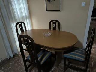 Conjunto clásico a juego: mesa redonda extensible + 4 sillas + cristal protector. Mesa: 110 cm de diámetro cerrada (redonda) y 144 cm abierta (ovalada). Cristal redondo Ø110 incluido, en buen estado. Estructura firme y muy cuidada, acabado brillo tipo raíz; solo microarañazos leves de uso. Sillas clásicas, estables y en buen estado. Recogida en Valencia (Primero CON ASCENSOR). Carga y transporte a cargo del comprador. No envío. Se puede ver sin compromiso. Opción de pack con mueble boiserie que se ve en las fotos (consultar).
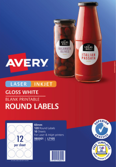 Avery L7105 Labels Glossy Round 12UP White 10 Pack Adelaide Direct Stationers
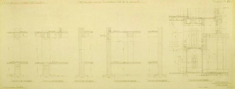 Ontwerp voor het museum bij de Franse Berg: Details van de bladen No. 3, 4, 10 en 11, december 1928
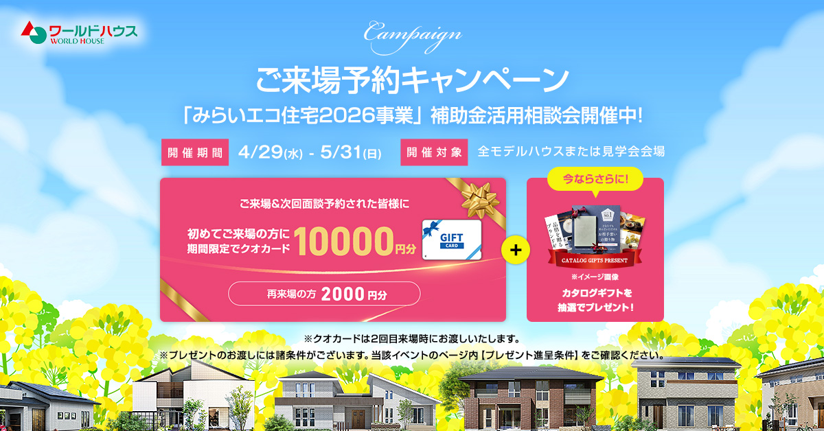 キャンペーン中ワールドハウスに初めてご来場の方には
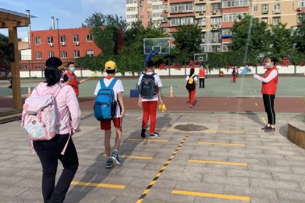 6月1日兒童節,垂楊柳中心小學六年級學生迎著初夏的暖風重返校園。潘家園街道辦事處工委書記張貴林、副主任周廣軍、街道城管大隊長付占鑫、副隊長熊琳琳、綜治辦主任趙學軍、建設辦公室文教事務副科長李奇、松榆西里社區黨委書記李秀穩、主任劉菁以及教委科室聯絡員、學校責任督學、疾控中心駐校醫生、派出所干警一同來到學校協助組織返校復課。
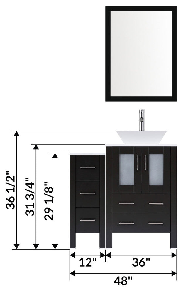 Modern Bathroom Vanity Set With Mirror and Sink, Espresso, 48"
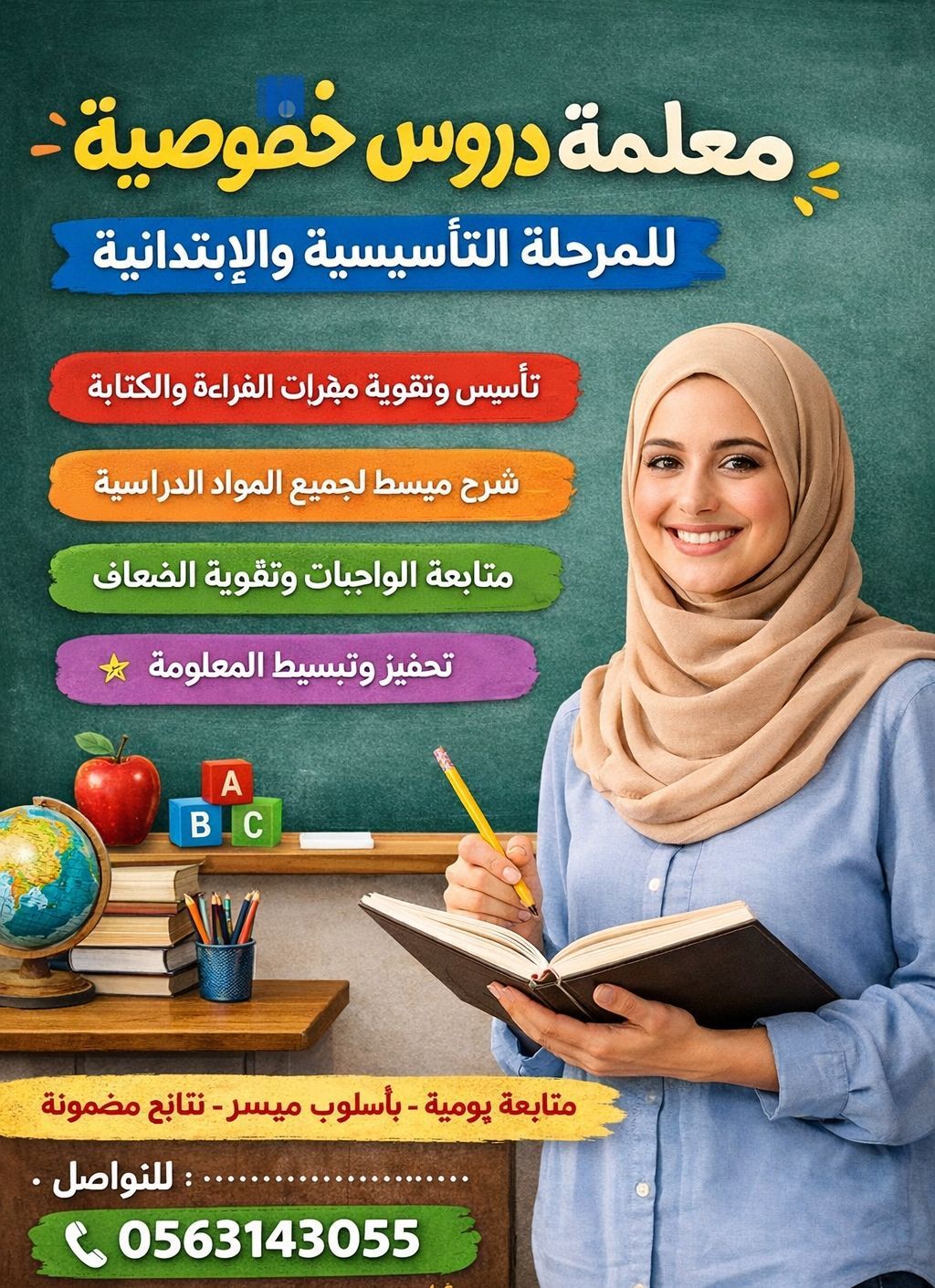 معلمة دروس خصوصية متابعة يومية وحل الواجبات وتأسيس الطلاب في القراءة والكتابة والرياضيات
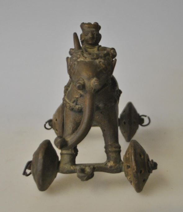 Indisk bronze elefant, 19./20. årh. Med siddende mand på ryggen. Elefant på fire hjul. H.: 11 cm. L.:13cm.
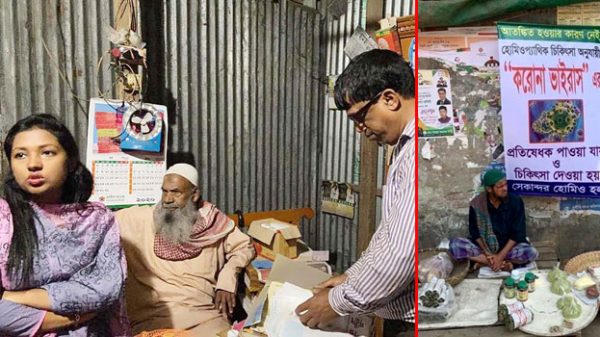 মানিকগঞ্জের ঘিওরে করোনাভাইরাস নিয়ে আতঙ্কের কিছু নেই হোমিও চিকিৎসায় করোনাভাইরাসের প্রতিষেধক পাওয়া যায়। চিকিৎসা দেয়া হয় ও নির্মূল সম্ভব এমন প্রচারপত্র বিলির মাধ্যমে সাধারণ জনগণকে প্রতারিত করার বিষয়টি নিয়ে আটক
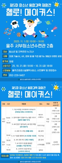울주 서부청소년수련관 강미선 관장은“청소년은 물론 가족 단위 참가자들에게도 유익한 4차 산업 기술 체험과 창의적인 활동 기회를 제공할 것”이라며,“다가오는 미래를 직접 보고, 만들고, 경험해볼 수 있는 뜻깊은 자리가 될 것으로 기대된다”고 전했다.

-------------------------

- _GOAL OF THE EXERCISE_
Exactly the lines from the one with "معلمة دروس خصوصية" to the last line of the listing are wanted, both ends included and pictures excluded.

- _EXPECTED ANSWER_
 معلمة دروس خصوصية متابعة يومية وحل الواجبات وتأسيس الطلاب في القراءة والكتابة والرياضيات
 Indisk bronze elefant, 19./20. årh. Med siddende mand på ryggen. Elefant på fire hjul. H.: 11 cm. L.:13cm.
 মানিকগঞ্জের ঘিওরে করোনাভাইরাস নিয়ে আতঙ্কের কিছু নেই হোমিও চিকিৎসায় করোনাভাইরাসের প্রতিষেধক পাওয়া যায়। চিকিৎসা দেয়া হয় ও নির্মূল সম্ভব এমন প্রচারপত্র বিলির মাধ্যমে সাধারণ জনগণকে প্রতারিত করার বিষয়টি নিয়ে আটক
울주 서부청소년수련관 강미선 관장은“청소년은 물론 가족 단위 참가자들에게도 유익한 4차 산업 기술 체험과 창의적인 활동 기회를 제공할 것”이라며,“다가오는 미래를 직접 보고, 만들고, 경험해볼 수 있는 뜻깊은 자리가 될 것으로 기대된다”고 전했다.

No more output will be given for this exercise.